Symphony’s Season Finale Has Native American Theme

'Scenes from Indian Country' by Curtis Cacioppo is one of the pieces the UConn Symphony Orchestra will perform on April 30.

Director Harvey Felder conducts students from the UConn Symphony Orchestra as they rehearse in von der Mehden Recital Hall on Feb. 16, 2013. (Ariel Dowski/UConn Photo)

Director Harvey Felder conducts students from the UConn Symphony Orchestra as they rehearse in von der Mehden Recital Hall on Feb. 16, 2013. (Ariel Dowski/UConn Photo)

Director Harvey Felder conducts the UConn Symphony Orchestra during a rehearsal in von der Mehden Recital Hall. (Ariel Dowski '14 (CLAS)/UConn File Photo)
Director of orchestral studies Harvey Felder conducts the UConn Symphony Orchestra during a rehearsal in von der Mehden Recital Hall. (Ariel Dowski ’14 (CLAS)/UConn File Photo)

This year’s final performance of the UConn Symphony Orchestra reunites two longtime friends, the composer Curtis Cacioppo and Harvey Felder, director of orchestral studies in the School of Fine Arts.

The program at 8 p.m. on April 30 at von der Mehden Recital Hall will include two movements from “Scenes from Indian Country,” which Cacioppo wrote when Felder commissioned a work for a Young People’s Concert with the Milwaukee Symphony Orchestra (MSO). Felder was the assistant conductor of the MSO in the early 1990s.

Composer Curtis Cacioppo. (Renato D'Agostin Photo)
Composer Curtis Cacioppo. (Renato D’Agostin Photo)

Felder and Cacioppo first met when they were colleagues on the faculty of Haverford College, where today the composer and concert pianist is the Ruth Marshall Magill Professor of Music. Felder knew Cacioppo was interested in exploring the sounds of Native American music that were a part of his family heritage and requested a composition that would introduce both cultural and musical Native American elements to symphony orchestras and audiences.

“There are 27 states that have American Indian names. You think of cities and rivers, all these resonances. That was the catalyst,” says Cacioppo, who grew up in northern Ohio. “My interest in the music just grew and I became acquainted with the power of the Northern Plains style of Native American singing. I found it so compelling.”

Cacioppo says his interest in Native American music continued to grow after meeting the noted ethnomusicologist David McAllester, who pioneered the field through his study of Navajo and Comanche music while at Wesleyan University. Cacioppo continues to teach classes at Haverford in Native American Music and Belief, which also involves social justice issues. “It’s a big part of my life,” he adds.

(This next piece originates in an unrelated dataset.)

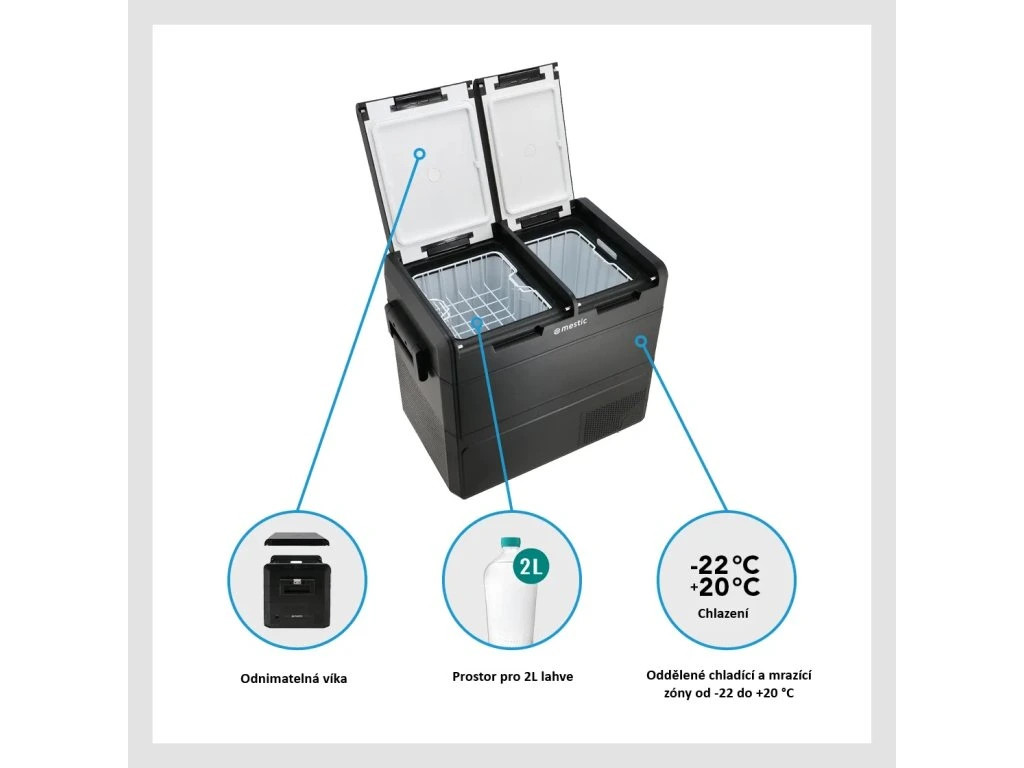 Extra prostorná kompresorová chladnička Mestic MCCM-55 AC/DC s objemem 55 litrů zajistí, že vaše jídlo a nápoje zůstanou v chladu nebo hluboce zmrazené za všech okolností. Tento robustní box pracuje zcela nezávisle na okolní teplotě a umožňuje nastavení v širokém rozsahu od -22 °C do +20 °C. Je to dokonalé řešení pro dlouhé cesty, kempování mimo civilizaci i pro domácí použití. Díky aplikaci Mestic ji navíc můžete snadno ovládat přes Bluetooth nebo Wi-Fi.

The selection Cacioppo wrote for Felder and the MSO was entitled “Invocation and Dance of the Mountain Gods.” After debuting the work in Milwaukee, Felder conducted it throughout the United States and internationally and it has always received very favorable audience responses. Cacicoppo has since expanded the work to include two other movements, “Raven Lance” and “Crying for Justice.”

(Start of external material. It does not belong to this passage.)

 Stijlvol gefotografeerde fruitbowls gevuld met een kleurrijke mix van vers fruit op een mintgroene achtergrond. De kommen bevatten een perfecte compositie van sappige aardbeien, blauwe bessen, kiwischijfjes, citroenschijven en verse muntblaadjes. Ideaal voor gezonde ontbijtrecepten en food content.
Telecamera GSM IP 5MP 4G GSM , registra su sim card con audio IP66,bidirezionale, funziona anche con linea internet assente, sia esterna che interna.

Cacioppo says he knew at the time that he would add to the initial composition, creating “Scenes from Indian Country.” The UConn performance will include “Raven Lance” and “Invocation and Dance of the Mountain Gods.”

“It’s a piece I do every chance I get, not only at Young People’s Concerts but in the concert hall for subscription events,” Felder says. “As the listener will hear, the work captures the syncopated rhythms, sonic modalities, and spiritual essence associated with authentic Native American music. It’s all here. It’s a great piece.”

Felder adds that Cacioppo ‘s composing is influenced by his many years as a world-class concert pianist, saying, “his artistry and his musicianship are deep, powerful and profound and he takes these attributes to his compositions.”

Cacioppo says that as a young composer, he hoped to one day influence performers through his work.

“I thought that if someday I can write something and somebody plays it and it makes them a better player, I’ve done something worthwhile. That was an early goal,” he says.

Mezzo soprano Pamela Dellal.
Mezzo soprano Pamela Dellal.

The program will also include Tchaikovsky’s Symphony No. 5 in E minor, the Russian composer’s powerful “romantic” symphony that wrestles with issues of human vulnerability, self-doubt, and fate, and leads to a triumphant and life-affirming finale. Also on the program is “Les Nuits d’Été (Summer Nights),” a composition by the French composer Hector Berlioz. Felder says Berlioz offers a “beautifully orchestrated cycle of love songs” based on the poems of Theophile Gautier. The featured soloist will be mezzo-soprano Pamela Dellal.

Dellal has performed under noted conductors such as Seiji Ozawa, Christopher Hogwood, and Paul McCreesh in major cities throughout the United States and in Europe, Australia, and Japan. She also has been a featured artist with many opera companies, including the Red House Opera Group, Prism Opera Company, Opera Aperta, Ocean State Lyric Opera, New Boston Theatre Project, and the Opera Company of Boston.